**WORK REQUIRED:** Beginning with the line that contains "The PC Audio", reproduce the remaining lines of the material exactly, up to and including the last one, but no pictures.
(PROVIDED DATA)
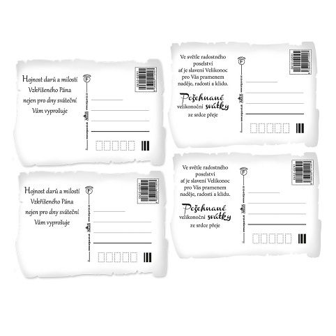Velikonoční pohlednice s textem na zadní straně. Originální technologie zpracování od společnosti ARGUS - "Na detailu záleží!"
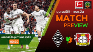 - วิเคราะห์บอลบุนเดสลีกา ระหว่าง โบรุสเซีย มึนเช่นกลัดบัค พบ ไบเออร์ เลเวอร์คูเซ่น 7/2/69
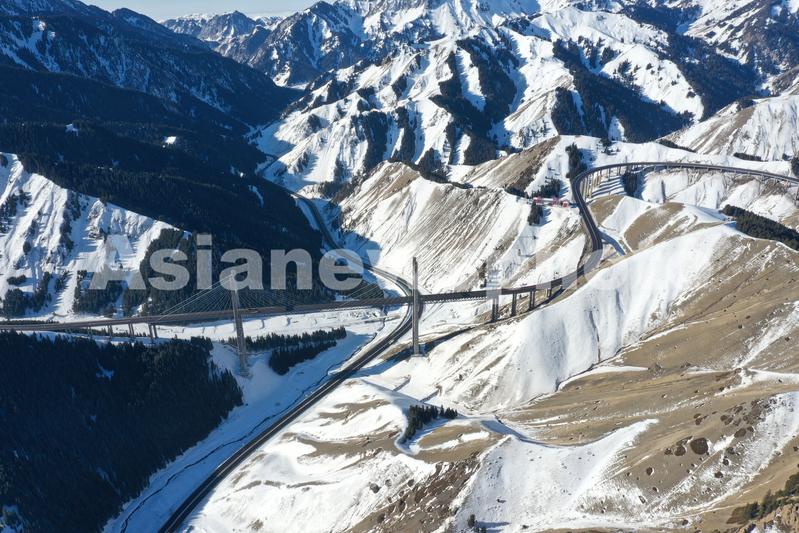 2021年1月17日,无人机航拍新疆伊犁霍城县果子沟大桥。
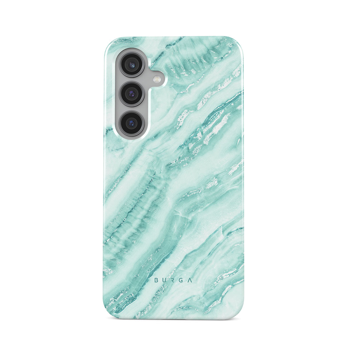 Add freshness to your style with our Fresh Breeze Samsung Galaxy S24 Plus phone case. The soft cyan color of the case is emphasized in a unique marble pattern. Do not let the softness of the color deceive you; the case still offers heavy-duty protection for your cellphone.
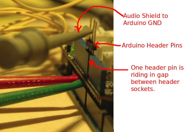 The PC Audio cable Shield wire is connected to one of the GND pins of the Base Shield Arduino. The connection could also be the made with a GND pin of the Arduino with causing an issue.
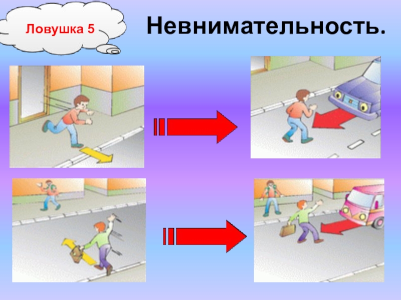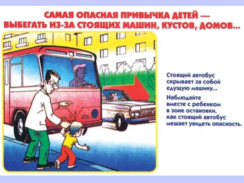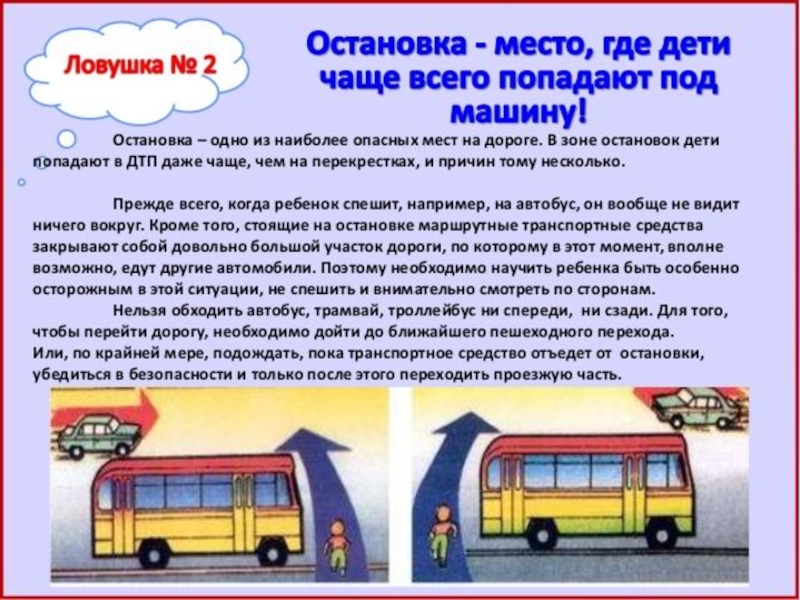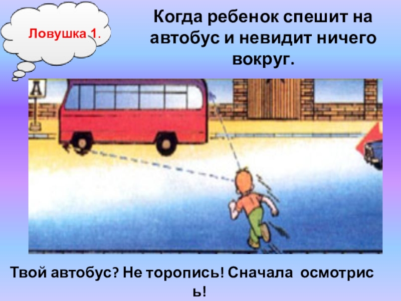 Когда ребенок спешит на  автобус и невидит ничего  вокруг.Твой автобус? Не торопись! Сначала  осмотрись!Ловушка 1.
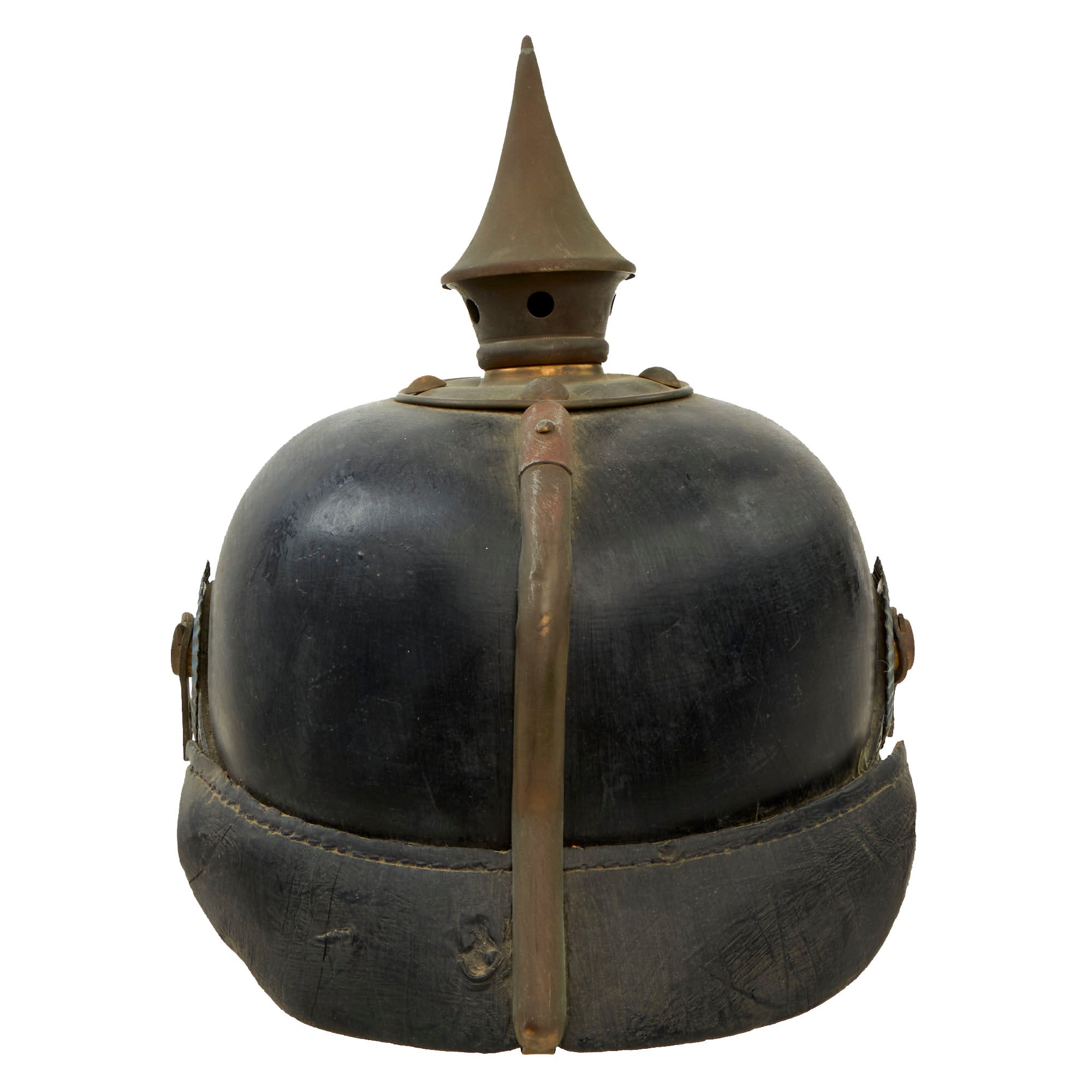 The front leather visor has brass trim in good condition but “wavy” in appearance, and the metal spine that descends from the spike's baseplate to the edge of the rear visor is also in good condition but does have waving and a bend present. The rear visor unfortunately has extensive stitching loss and is mostly held on by the brass spine.
(End PROVIDED DATA)
**YOUR RESPONSE:**
 The PC Audio cable Shield wire is connected to one of the GND pins of the Base Shield Arduino. The connection could also be the made with a GND pin of the Arduino with causing an issue.
 Когда ребенок спешит на  автобус и невидит ничего  вокруг.Твой автобус? Не торопись! Сначала  осмотрись!Ловушка 1.
 The front leather visor has brass trim in good condition but “wavy” in appearance, and the metal spine that descends from the spike's baseplate to the edge of the rear visor is also in good condition but does have waving and a bend present. The rear visor unfortunately has extensive stitching loss and is mostly held on by the brass spine.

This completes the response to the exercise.